Outrossim, não se admite recurso à analogia em casos restritivos de direitos ou quando a enumeração legal é numerus clausus. Assim, quando o texto contém enumeração de casos, cumpre distinguir se trata-se de enumeração taxativa ou exemplificativa; sendo taxativa, não há lugar para o processo analógico; sendo exemplificativa, ocorre o contrário, não se presume restringida a faculdade do aplicador do direito [38].
Se ao solucionar um caso – pondera Maria Helena Diniz [39] – o magistrado não encontra norma que lhe seja aplicável, não podendo subsumir o fato a nenhum preceito, porque há falta de conhecimento sobre um status jurídico de certo comportamento, em virtude de algum defeito do sistema, está-se diante de uma lacuna. Neste caso faz-se imprescindível um desenvolvimento aberto do direito dirigido metodicamente.
Não se pode evitar, ao analisar-se o caso em tela, que o ordenamento jurídico carece de plenitude, prova disso está na expressa previsão do art. 4º da Lei de Introdução às Normas do Direito Brasileiro e do art. 126 do Código de Processo Civil, os quais determinam que, em caso de a lei ser omissa, procede-se à sua integração mediante o emprego da analogia, costumes e princípios gerais de direito.
Segundo Bobbio [40], um ordenamento é incompleto – vale dizer, apresenta lacunas – quando não compreende nem a norma que proíbe um certo comportamento nem a norma que o permite. Assim, se ficar demonstrado que nem a permissão nem a proibição de certo comportamento podem ser deduzidas do sistema normativo, da forma que foi colocado, é preciso dizer que o sistema é incompleto e que o ordenamento apresenta lacuna.
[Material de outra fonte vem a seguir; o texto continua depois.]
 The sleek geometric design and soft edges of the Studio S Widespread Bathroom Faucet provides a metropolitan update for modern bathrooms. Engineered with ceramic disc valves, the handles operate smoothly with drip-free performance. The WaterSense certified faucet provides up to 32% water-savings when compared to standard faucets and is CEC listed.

Todavia, nos ordenamentos jurídicos em que não é permitido ao magistrado proferir o juízo de non liquet, a completude passa a ser algo mais do que uma exigência, uma verdadeira necessidade. A norma que estabelece o dever do magistrado de julgar cada caso com base em uma norma pertencente ao sistema não poderia ser executada se o sistema não fosse pressupostamente completo – preferiríamos dizer completável. Os ordenamentos fundados sobre o dogma da completude baseiam-se no art. 4º do Código Civil francês [41], segundo o qual o juiz que recusar julgar a pretexto do silêncio, da obscuridade ou da insuficiência da lei, poderá ser processado como culpado de denegar a justiça [42].
Não obstante isso, poderíamos afirmar que o ordenamento jurídico brasileiro não atende aos dois requisitos propostos por Bobbio para que um sistema considere-se completo, quais sejam: 1) o da obrigatoriedade de julgar todas as controvérsias que lhe são dirigidas e 2) o que prenuncia o dever de julgá-las com base em uma norma pertencente ao sistema. Para os positivistas sustentarem a tese da completude do ordenamento jurídico, fez-se mister sua subdivisão em dois grandes espaços: o do espaço jurídico pleno em que há normas a serem aplicadas e o espaço jurídico vazio em que não há normas e, por via de consequência, tudo é permitido [43].
No nosso caso, o primeiro requisito é atendido segundo o disposto no supracitado inciso XXXV do art. 5º da Constituição [44]. Todavia, em determinados casos, o juiz não está obrigado a julgar à luz de uma regra constante do sistema, podendo, inclusive, proferir juízo de equidade [45].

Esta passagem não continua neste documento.